I have a Christmas card for my friend, who is from Czech republic. At the bottom of it I want to write, 'Merry Christms & good luck for 2009!' So what do I say..? (We are both girls & she is a good friend.)
Sorry if this sounds like something I could just look up, but I have NO IDEA how to speak Czech. She tells me it is harder to learn than English, & that it has a lot of complicated grammar. And I really want to get it right.
-DIK


----------



## tlumic

Ahoj,
the easier and the most normal and common is to say:

Veselé Vánoce a šťastný Nový rok!

Ed.: Well, I think I should rather write: "...and common is to WRITE:...". Because "Veselé Vánoce a šťastný Nový rok" is the typical form (a little formal) that we use in greeting cards.


----------



## winpoj

I agree.
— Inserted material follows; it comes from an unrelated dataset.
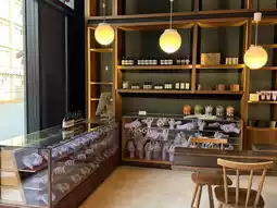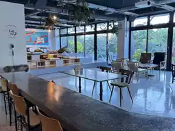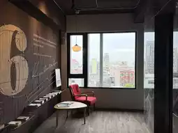 The lobby on the first floor has a high ceiling and a stylish design. There's a café where you can grab a coffee, relax, or browse the bookshelves. The hotel's exterior is also very stylish, making it beautiful for photos both day and night. Across from the hotel is the Yu-Ai Market, which offers breakfast, coffee, and a traditional market in the morning, and is also a great place for dinner or late-night snacks.

But it's also possible to use a bit more literal translation: "Veselé Vánoce a hodně štěstí v roce 2009."


----------



## werrr

tlumic said:


> Ahoj,
> the easier and the most normal and common is to say:
> 
> Veselé Vánoce a šťastný nový rok!
> 
> Ed.: Well, I think I should rather write: "...and common is to WRITE:...". Because "Veselé Vánoce a šťastný nový rok" is the typical form (a little formal) that we use in greeting cards.



šťastný nový rok = Happy New Year
šťastný Nový rok = Happy New Year’s Day


----------



## tlumic

werrr said:


> šťastný nový rok = Happy New Year
> šťastný Nový rok = Happy New Year’s Day


 
Yeah, thank you.


----------